Hello folks, time for me to finally learn some things, running out of time on earth, want to spend some remaining time on water. I just bought my 3rd sailboat. Still have NO CLUE what I am doing, but just love the notion that one day,maybe I will learn "enough" not to hurt myself, or my boat, and can sail to the Turks and Caicos.

Past boats - Catalina 30 Tall Rig, then Catalina 36, now the Pearson 367. She is a 1982 367 cutter rig with a Universal 5444. A very nice prior owner set me up with a variety of a sail locker, including some high end racing sails. Boat has some issues as she is, like me, getting old. But the "bones are good" so to speak.

I like the lines, the lay out and it was a stretch for me, but, I paid cash. The boat, Perason or Pearon 36 series, seems to enjoy a good reputation. 
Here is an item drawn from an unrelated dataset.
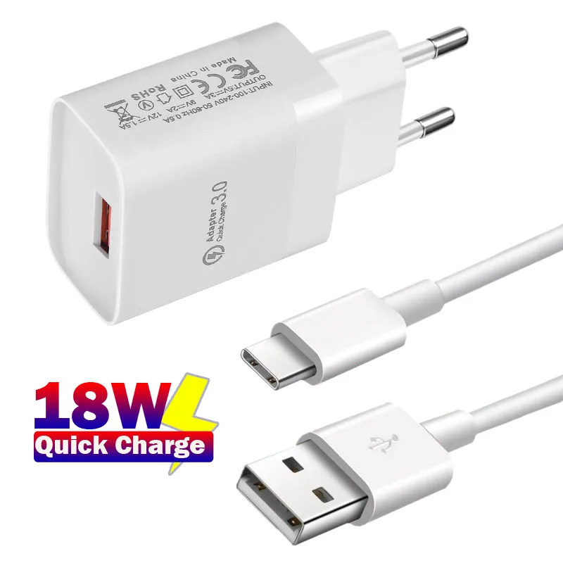 Сетевое зарядное устройство Quick Charge 3,0, 18 Вт, с кабелем типа C для Xiaomi Mi 11, Samsung A51, A52, iPhone QC 3,0

So, did I make a decent investment? I solicit comments.

Verne


----------



## mr_f (Oct 29, 2011)

Any boat that has survived for 124 years must be solidly built.


----------



## denverd0n (Jun 20, 2008)

The 367 is a variation on the Pearson 365 line of boats. They are well made and generally well respected. There is a moderately active owners forum here: Pearson 365/367 Yacht Club - Index

Whether or not you made a good investment depends entirely on what you paid, and on what condition the boat is in. Of course, at this point it doesn't really matter. The boat is yours, so you should probably just make the best of it, and forget about whether it was a good investment or not. (Hint: boats are almost NEVER a "good investment," financially speaking. They are only a "good investment" in terms of happiness and peace of mind.)

Good luck.


----------



## Ajax_MD (Nov 24, 2009)

If you've owned two 30+ footers previously, why do you say that you have no idea what you're doing?
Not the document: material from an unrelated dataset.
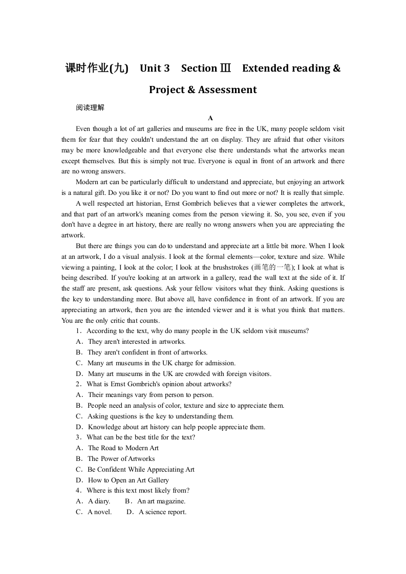 学生啦:课时作业(九)Unit3 SectionⅢExtended reading&Project Assessment阅读理解Even though a lot of art galleries and museums are free in the UK,many people seldom visitthem for fear that they couldn't understand the art on display.They are afraid that other visitorsmay be more knowledgeable and that everyone else there understands what the artworks meanexcept themselves.But this is simply not true.Everyone is equal in front of an artwork and thereare no wrong answers.Modern art can be particularly difficult to understand and appreciate,but enjoying an artworkis a natural gift.Do you like it or not?Do you want to find out more or not?It is really that simple.A well respected art historian,Ernst Gombrich believes that a viewer completes the artwork,and that part of an artwork's meaning comes from the person viewing it.So,you see,even if youdon't have a degree in art history,there are really no wrong answers when you are appreciating theartwork.But there are things you can do to understand and appreciate art a little bit more.When I lookat an artwork,I do a visual analysis.I look at the formal elements-color,texture and size.Whileviewing a painting,I look at the color,I look at the brushstrokes(画笔的一笔)方I look at what isbeing described.If you're looking at an artwork in a gallery,read the wall text at the side of it.Ifthe staff are present,ask questions.Ask your fellow visitors what they think.Asking questions isthe key to understanding more.But above all,have confidence in front of an artwork.If you areappreciating an artwork,then you are the intended viewer and it is what you think that matters.You are the only critic that counts.1.According to the text,why do many people in the UK seldom visit museums?A.They aren't interested in artworks.B.They aren't confident in front of artworks.C.Many art museums in the UK charge for admission.D.Many art museums in the UK are crowded with foreign visitors.2.What is Emst Gombrich's opinion about artworks?A.Their meanings vary from person to person.B.People need an analysis of color,texture and size to appreciate them.C.Asking questions is the key to understanding them.D.Knowledge about art history can help people appreciate them.3.What can be the best title for the text?A.The Road to Modern ArtB.The Power ofArtworksC.Be Confident While Appreciating ArtD.How to Open an Art Gallery4.Where is this text most likely from?A.A diary.B.An art magazine.C.A novel.D.A science report.

I own a Pearson 30 and a friend owns a P367. They are good, sound boats.


----------



## Verne (May 3, 2016)

Well, I know a few things like, it is not IF you are going to run aground, it is WHEN. So, two boats, two soft groundings so far. I have learned, the object of the game of heavy sailboat vs. power boat is simple. Stay in the channel unless you know the water and area...,, then, stay deep, don't cut corners, ever.

So, I am a member of the Mobile Power squadron and years ago helped to teach the safe boating course here. I am a certidfied PADI Dive Instructor, retired from teaching SCUBA, no money in it.
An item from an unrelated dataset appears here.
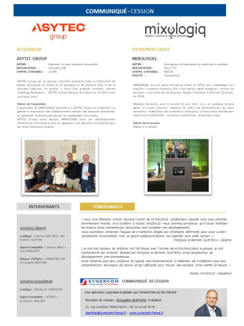 Communiqué de Presse Cession MIXOLOGIQ

I have always wanted a Pearson, I thought 365, but love the interior and design of this 367. she was well kept and maintained. she has a few leaks topside and a little area top mid ship along the safety line stanchions, but other than that, I think we are good to go. 

1982 - I hope was a good year for the Atomic Universal 5444 44HP. I need that engine to putter a while longer for me. seems to run solid for now. Any idea what the average running RPM for cruising should be wouldbe my first of many questions to ask. thanks in advance for any help and advice.


----------



## gonzalez7063 (19 d ago)

I also just bought a Pearson 367 cutter. My first big boat, good layout. Plan coastal cruising. 
I will keep you informed on how it works. 
Christian.


----------



## JimsCAL (May 23, 2007)

Welcome to SailNet and good luck with the Pearson. Where will it be kept? I see you are not in the USA.


----------